Нетрудно убедиться, что указанная парадигма распространяется на что угодно; можно, по желанию, выбрать любой пример из любой области знания и, профильтровав его соответствующим образом через самосведение к допредикативности, заново обрести его в качестве собственно знания. В дальнейшем мы обратимся еще к одному образцу радикального описания: случай будет взят из музыкальной сферы.

Предложенная процедура может иметь большие последствия в самых разнообразных и порою даже непредвиденных отношениях. Укажем хотя бы на сулимый ею чисто педагогический, пропедевтический эффект. Сумма знаний, приобретенных нами со школьной скамьи и приобретаемая до сих пор, претерпит решительное и существенное изменение. Изменится сама специфика приобретения знаний. Обычная педагогическая модель — все та же модель пресловутого "черного ящика". Знания имеют вход (сумма прочитанных книг, заученных учебников, слышанных лекций и т. д.) и выход (сумма написанных книг, прочитанных лекций и т. д.), и котируются они только входными и выходными данными (начиная со школьного вопроса–ответа: "Что хотел сказать Лев Толстой изображением дуба в Отрадном?" — "Лев Толстой изображением дуба в Отрадном хотел сказать, что…" и так, в более или менее модифицированной форме, на всю жизнь — по принципу: стимул–реакция и к вящей славе павловских четвероногих!).

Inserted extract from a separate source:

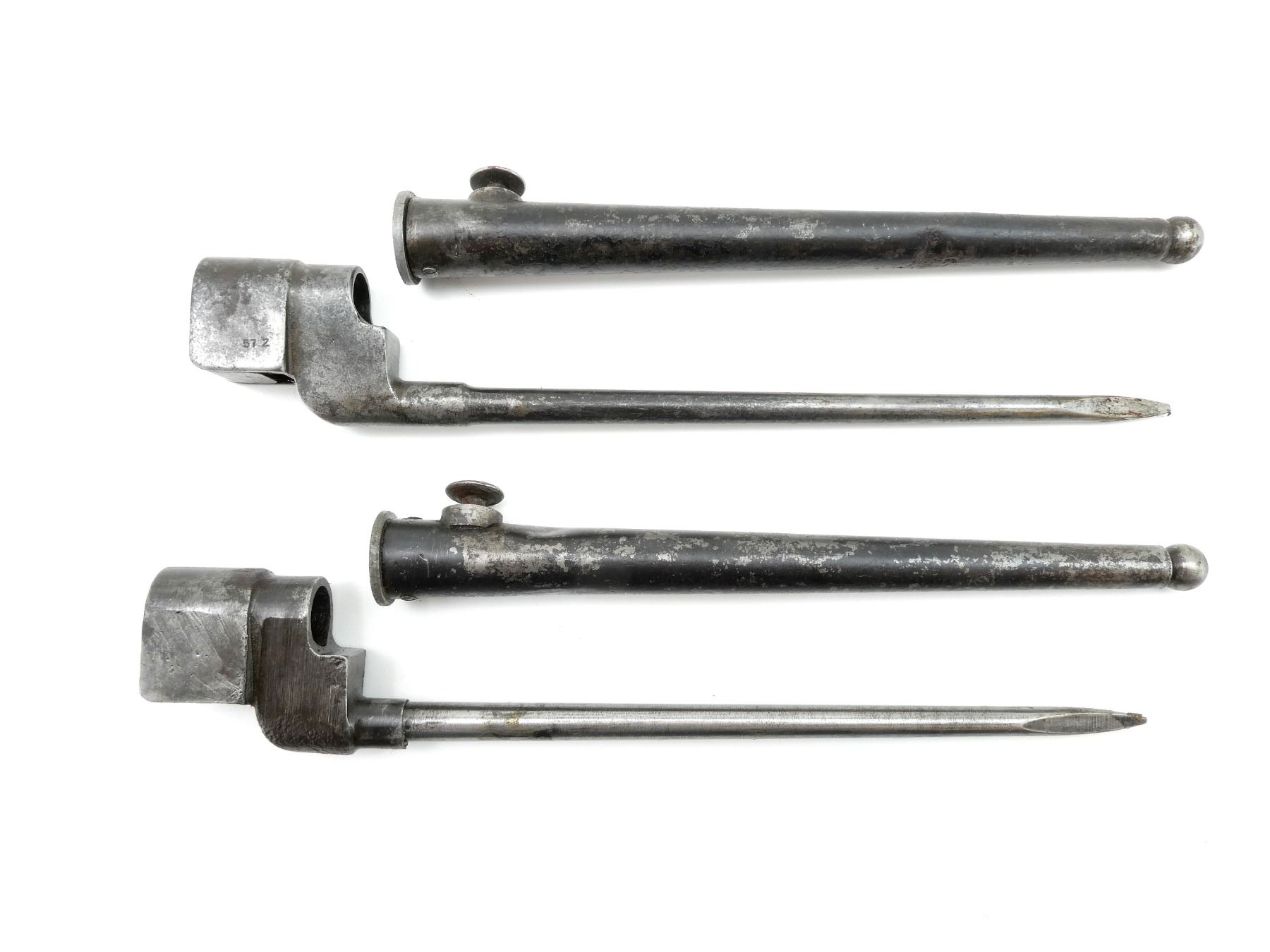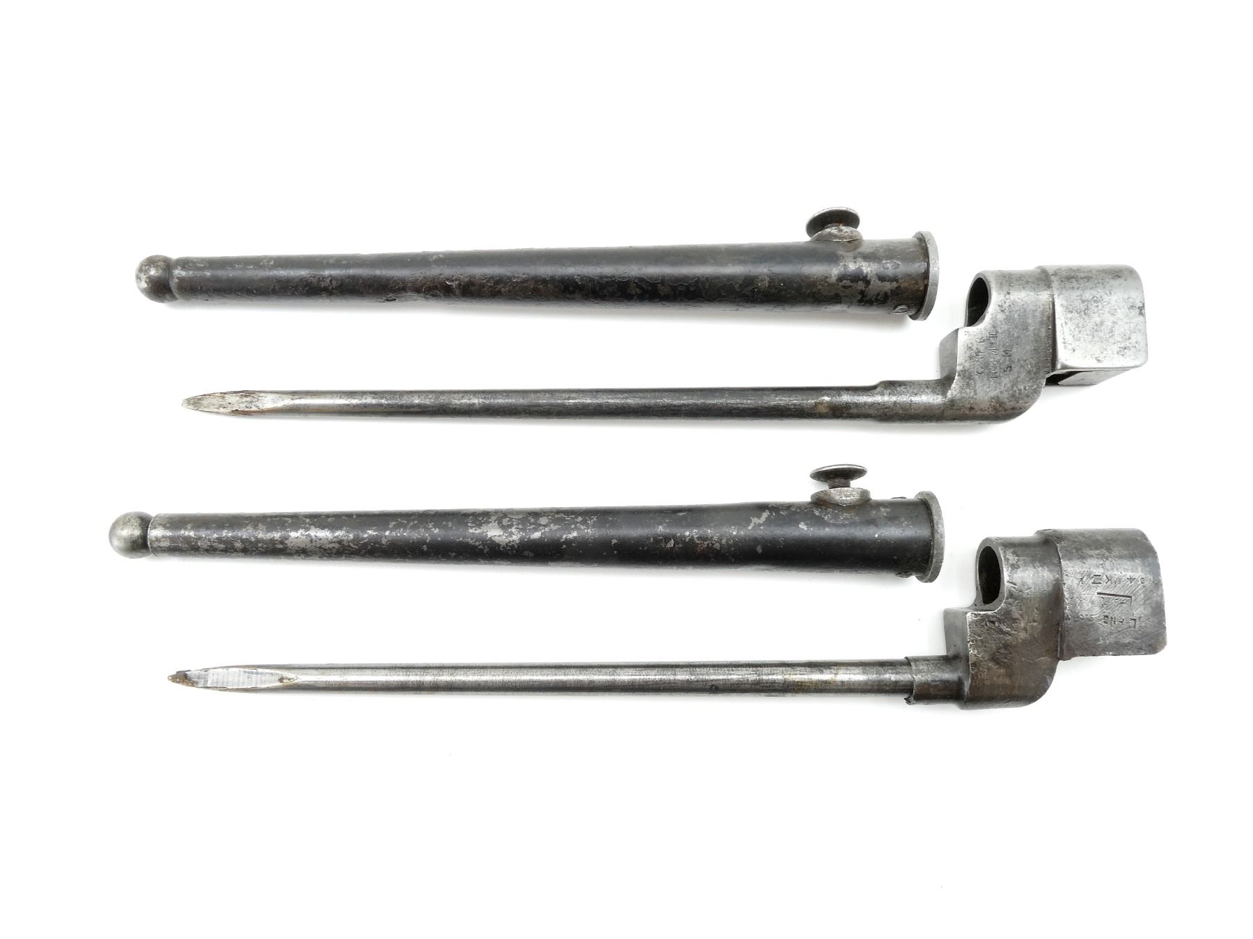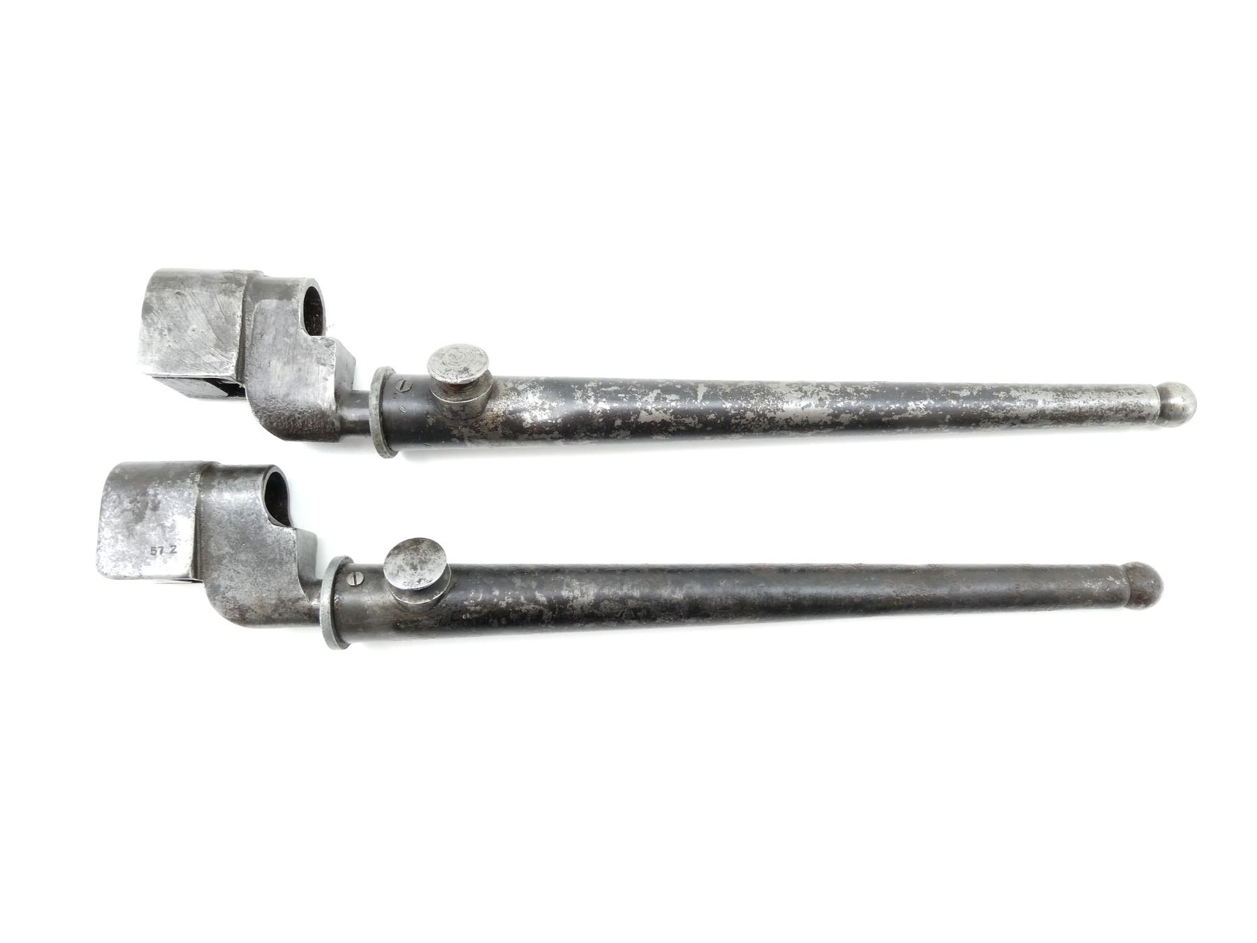 LOT INCLUDES; (1) NO.4 MKII SPIKE BAYONET, FITS LEE ENFIELD NO.4 MKI & MKII SERIES RIFLES, CATCH RELEASE IS STUCK, SOCKET MARKED: "G" CROWN "R" OVER "NO4 MK II, SM", "SM, 42", "57 Z", METAL MKI SCABBARD, THROAT MARKED: "1", BALL TIP MARKED WITH BROAD ARROW, BLADE APPROX. 8", OVERALL LENGTH APPROX. 10" & (1) NO.4 MKII* SPIKE BAYONET, FITS LEE ENFIELD NO.4 MKI & MKII SERIES RIFLES, SOCKET MARKED: "L.ENG", "?376" IN RECTANGLE, "NO4 MKII*", BROAD ARROW, "8", METAL MKI SCABBARD, THROAT MARKED: "NO4 MKI", BROAD ARROW, "V", BLADE APPROX. 8 1/8" & OVERALL LENGTH APPROX. 10". SEE PHOTOS.

В промежутке разыгрывается обморочный детектив "черного ящика". Более полная модель ситуации: стимул — обморок — реакция. "Что такое причинность?" — обморок — "Причинность — форма взаимосвязи объективных явлений". "Что такое прекрасное?" — обморок — "Прекрасное — категория эстетики для явлений, обладающих высшей эстетической ценностью". "Что такое истина?" — обморок (глубочайший) — "Истина — целесообразная степень нецелесообразной степени фикции". Удивительные знания, приобретенные путем транса. Не оттого ли они так чураются всяких вопросов, связанных с самой темой "транса"? "Что такое транс?" — транс — "Транс — необычное состояние сознания, еще не познанное наукой, но доступное познанию". Вот что верно, то верно: вполне доступное, если познание будет не впадать в транс, а осмысленно и трезво в него погружаться. Тогда познанным окажется не только сам феномен "транса", но и все полученное "в трансе".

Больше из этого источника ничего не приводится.